Прибыли криминалисты и долго снимали отпечатки пальцев. Коридорный между тем вспомнил, что за последнюю неделю утренний гость приходил к германцу трижды и сиживал подолгу. Алексей Николаевич загорелся: парень не мог не наследить, сейчас его идентифицируют по пальчикам! Однако криминалисты развели руками: весь номер в отпечатках лишь одного человека, видимо постояльца Веделе. Других отпечатков нет. Точнее, они есть, но необычные: без папиллярных линий. Жировой след имеется, а рисунка на нем не видно. Криминалисты предположили, что, войдя в номер, фартовый надевал на руки резиновые пальцы, которые используют доктора и провизоры. Так в последнее время нередко поступали воры, начитавшись в газетах про успехи дактилоскопии.

Азвестопуло расстроился, а его шеф, наоборот, обрадовался:

– Едем обратно на Фонтанку, у меня есть идея.

Они вернулись в департамент и сразу же спустились в подвал, где хранилась картотека. Алексей Николаевич обратился к Вилодаки:

– Александра Андреевна, нужна ваша помощь.

Вилодаки служила в регистрационном бюро Департамента полиции под началом знаменитого Салькова. Она вместе со второй дамой, вдовой губернского секретаря Зверевой, отвечала за картотеку дактилоскопических оттисков. Трудолюбивая женщина, личная почетная гражданка, награждена золотой медалью на аннинской ленте «За усердие». Большой знаток всякой дряни!

– Слушаю вас, Алексей Николаевич.

– Напомните, пожалуйста, сколько у нас в картотеке числится лиц, не имеющих на коже своих пальцев папиллярных узоров? Помнится, только один?
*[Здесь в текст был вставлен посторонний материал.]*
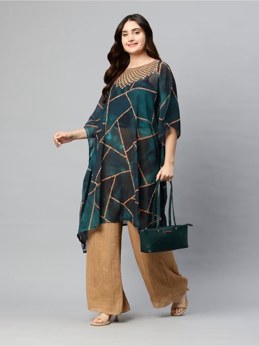 Women Printed Boat Neck Flared Sleeves Beach Wear Green Kaftan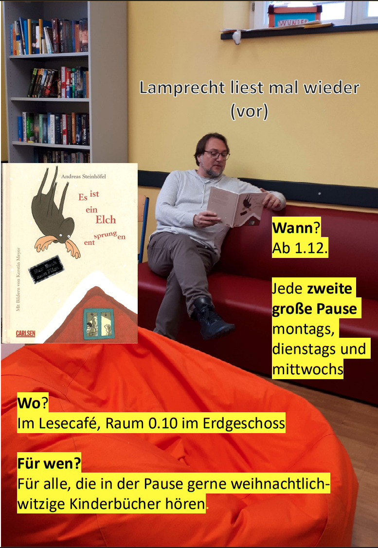 Liebe Schülerinnen und Schüler, ab diesen Montag, 1.12., mache ich wieder das Angebot, in den 15-Minuten-Pausen aus Andreas Steinhöfels Weihnachtsgeschichte "Es ist ein Elch entsprungen" vorzulesen.

– Точно так, – подтвердила чиновница. – Это очень редкое заболевание, не больше случая на миллион. И очень удобное для преступного элемента.

Азвестопуло разинул рот:

– Э! Вы о ком говорите? Есть такие ребятишки, у которых гладкие пальцы?
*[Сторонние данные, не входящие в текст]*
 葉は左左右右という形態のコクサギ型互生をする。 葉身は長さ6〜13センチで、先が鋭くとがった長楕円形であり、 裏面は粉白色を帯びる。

Вилодаки была замужем за греком, потому симпатизировала Сергею, и ответила вежливо:

– Есть. Это уникальное исключение. Вся ладонь гладкая, представляете? Можно воровать, убивать, а по отпечаткам полиция тебя никогда не найдет[10].

– Впервые слышу, – признался коллежский асессор. – Эвона как… Потому мы и не нашли в номере пальчиков гостя?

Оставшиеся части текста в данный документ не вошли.